# [SOLVED] /dev/dvb not created (DVB usb stick)

## DocReedSolomon

hi all,

yet another problem that is driving me nuts   :Laughing: 

got myself an HanfTek USB DVB Stick. should be supported fine:

http://linuxtv.org/wiki/index.php/DVB_USB#HanfTek_UMT-010

if i plug the stick in, the modules are loaded:

```

dvb_usb_umt_010         7680  0

dvb_usb_dibusb_common     9284  1 dvb_usb_umt_010

dib3000mc              15872  1 dvb_usb_dibusb_common

dib3000_common          3072  1 dib3000mc

dvb_usb                22216  2 dvb_usb_umt_010,dvb_usb_dibusb_common

dvb_core               89712  1 dvb_usb

dvb_pll                16836  3 dvb_usb_umt_010,dvb_usb_dibusb_common,dvb_usb

mt352                   8132  1 dvb_usb_umt_010

```

dmesg output:

```

usbcore: registered new driver dvb_usb_umt_010

usb 2-1: new high speed USB device using ehci_hcd and address 4

usb 2-1: configuration #1 chosen from 1 choice

dvb-usb: found a 'Hanftek UMT-010 DVB-T USB2.0' in cold state, will try to load a firmware

dvb-usb: downloading firmware from file 'dvb-usb-umt-010-02.fw'

usb 2-1: USB disconnect, address 4

dvb-usb: generic DVB-USB module successfully deinitialized and disconnected.

usb 2-1: new high speed USB device using ehci_hcd and address 5

usb 2-1: string descriptor 0 read error: -22

usb 2-1: string descriptor 0 read error: -22

usb 2-1: configuration #1 chosen from 1 choice

usbcore: deregistering driver dvb_usb_umt_010

usbcore: registered new driver dvb_usb_umt_010

```

well, doesnt look bad sofar, right? however, there is no such /dev/dvb   :Shocked: 

i came across a few older threads in this forum, and even added local rules like this:

20-local.rules:

```

KERNEL="dvb*", PROGRAM="/etc/udev/scripts/dvb.sh %k", NAME="%c"

```

not sure if this is even needed, because 50-udev.rules already contains a dvb rule. well, anyway, the dvb devices are not created here.

OTOH, other sticks (memory stick aso) are detected fine!

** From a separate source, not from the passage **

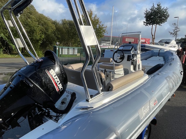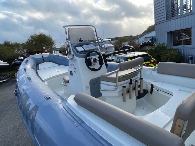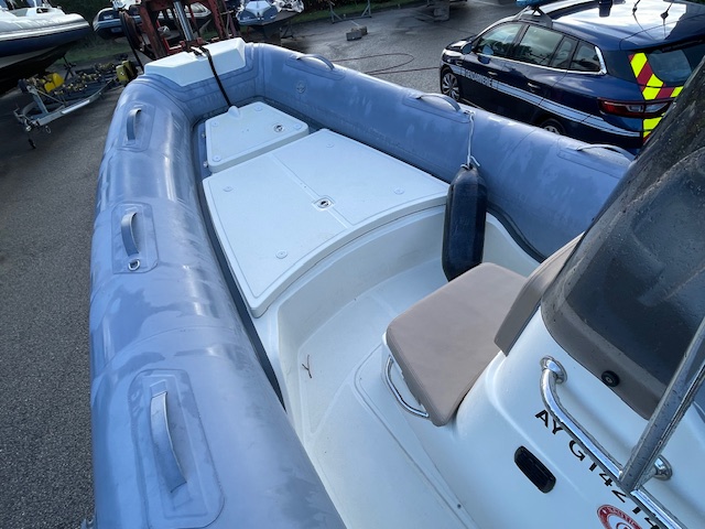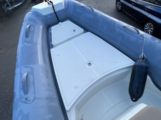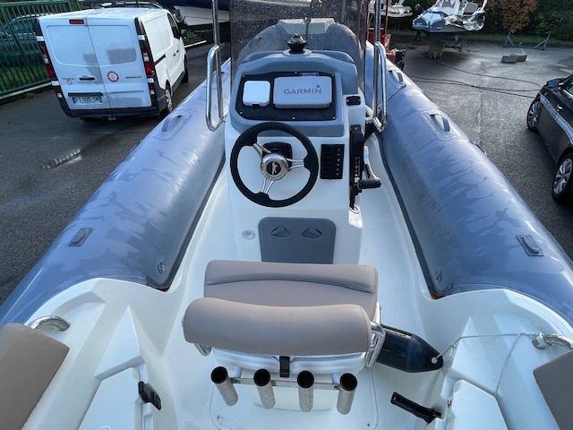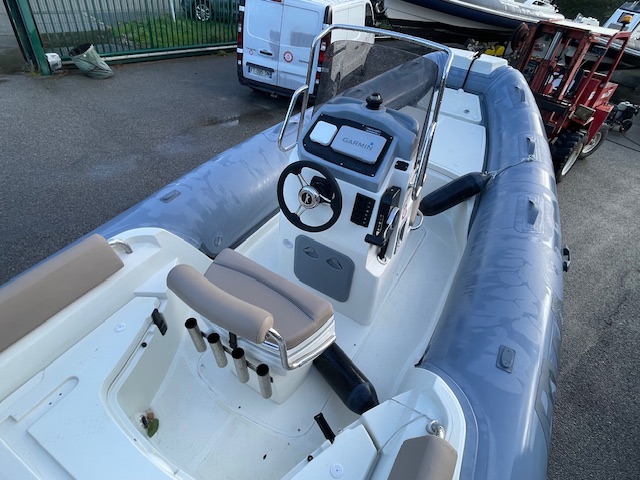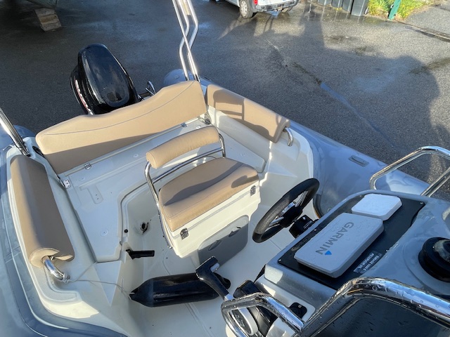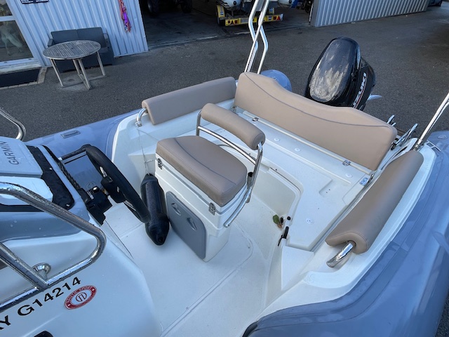 Options inclus : GPS Sondeur Garmin 6 pouces, Sellerie et bain de soleil couleur noisette, Extension de bain de soleil arrière, Armement de sécurité et antifouling, planchette arrière, tube fabric gris, Armement de sécurité 8 pers.

what could this be? i am at a loss  :Sad: 

looking at the kernel documentation in /usr/src/linux/Documentation/dvb/udev.txt it says:

[quote]

We assume that you have udev already up and running and that have been

creating the DVB device nodes manually up to now due to the missing sysfs

support.

[/code]

no, i did not create the DVB devices manually, how should i do this? should i do this at all?Last edited by DocReedSolomon on Sat Nov 04, 2006 5:17 pm; edited 1 time in total

----------

## NeddySeagoon

DocReedSolomon,

There is some good news and some bad news ... some of these devices are supported and some are not.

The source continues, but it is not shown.